* Task description:
What is needed is an exact copy of the listing, with no pictures in it.

* Data provided:

■ ■ ■ ■

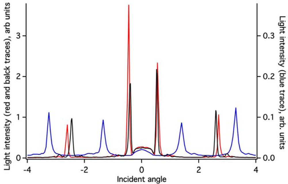 The ZTO coating on the (Si,Ti)O2 waveguide surface greatly attenuates the intensity of light detected in the OWLS spectrum (Figure 3). Because the ZTO has a higher refractive index than the underlying waveguide, light that reaches the ZTO-waveguide interface refracts into the ZTO. Light can then undergo TIR at the ZTO-solution interface and re-enter the waveguide. However, much of the light that enters the ZTO is evidently scattered out of the ZTO and never re-enters the waveguide, resulting in signal attenuation. However, as Figure 3 shows, the ZTO-coated waveguide OWLS spectrum still exhibits clear peaks at precise angles. These are used to determine sorbed mass. As long as the peak position can be determined, peak height does not matter. Note that in Figure 3, the peaks in the spectrum for the ZTO-coated waveguide occur at very different angles compared to the original uncoated waveguide. This is a direct consequence of deposition of the ZTO layer and its effect upon the effective refractive index of the waveguide sensor.
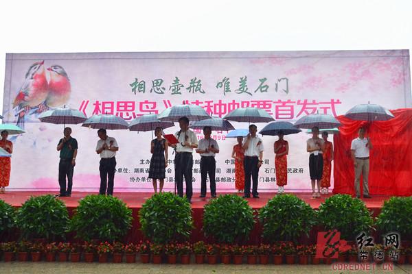 红网常德站8月10日讯(分站记者 朱志姣 通讯员 李飞)8月9日是传统的七夕节,中国邮政《相思鸟》特种邮票首发式在常德市石门县成功举行。二百多名集邮爱好者冒雨前来,共同见证“相思鸟”在石门“首飞”。当天,“相思主题邮局”也在石门壶瓶山景区挂牌成立。
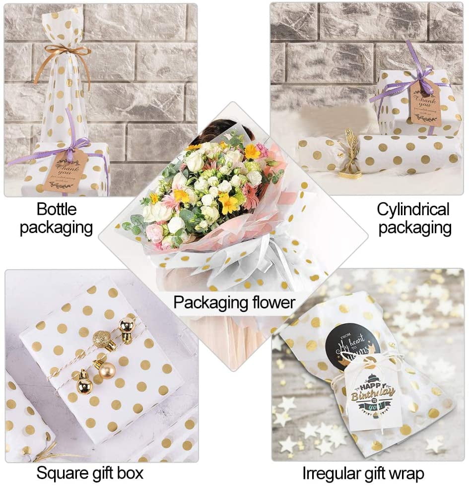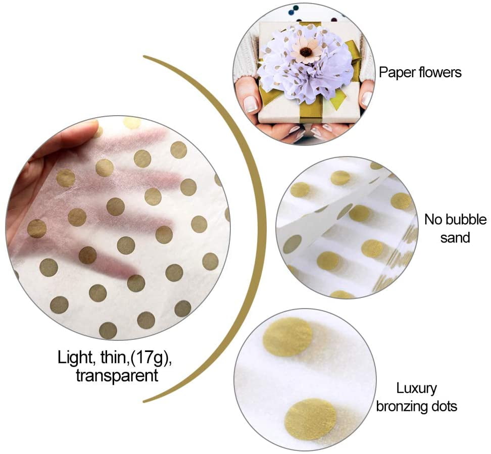 BUZIFU Tissue Paper Sheets,50 Sheets White Gift Wrapping Paper with Gold Polka Dots,with warm color,can meet your different needs.

■ ■ ■ ■

* Solution to this task:
 The ZTO coating on the (Si,Ti)O2 waveguide surface greatly attenuates the intensity of light detected in the OWLS spectrum (Figure 3). Because the ZTO has a higher refractive index than the underlying waveguide, light that reaches the ZTO-waveguide interface refracts into the ZTO. Light can then undergo TIR at the ZTO-solution interface and re-enter the waveguide. However, much of the light that enters the ZTO is evidently scattered out of the ZTO and never re-enters the waveguide, resulting in signal attenuation. However, as Figure 3 shows, the ZTO-coated waveguide OWLS spectrum still exhibits clear peaks at precise angles. These are used to determine sorbed mass. As long as the peak position can be determined, peak height does not matter. Note that in Figure 3, the peaks in the spectrum for the ZTO-coated waveguide occur at very different angles compared to the original uncoated waveguide. This is a direct consequence of deposition of the ZTO layer and its effect upon the effective refractive index of the waveguide sensor.
 红网常德站8月10日讯(分站记者 朱志姣 通讯员 李飞)8月9日是传统的七夕节,中国邮政《相思鸟》特种邮票首发式在常德市石门县成功举行。二百多名集邮爱好者冒雨前来,共同见证“相思鸟”在石门“首飞”。当天,“相思主题邮局”也在石门壶瓶山景区挂牌成立。
 BUZIFU Tissue Paper Sheets,50 Sheets White Gift Wrapping Paper with Gold Polka Dots,with warm color,can meet your different needs.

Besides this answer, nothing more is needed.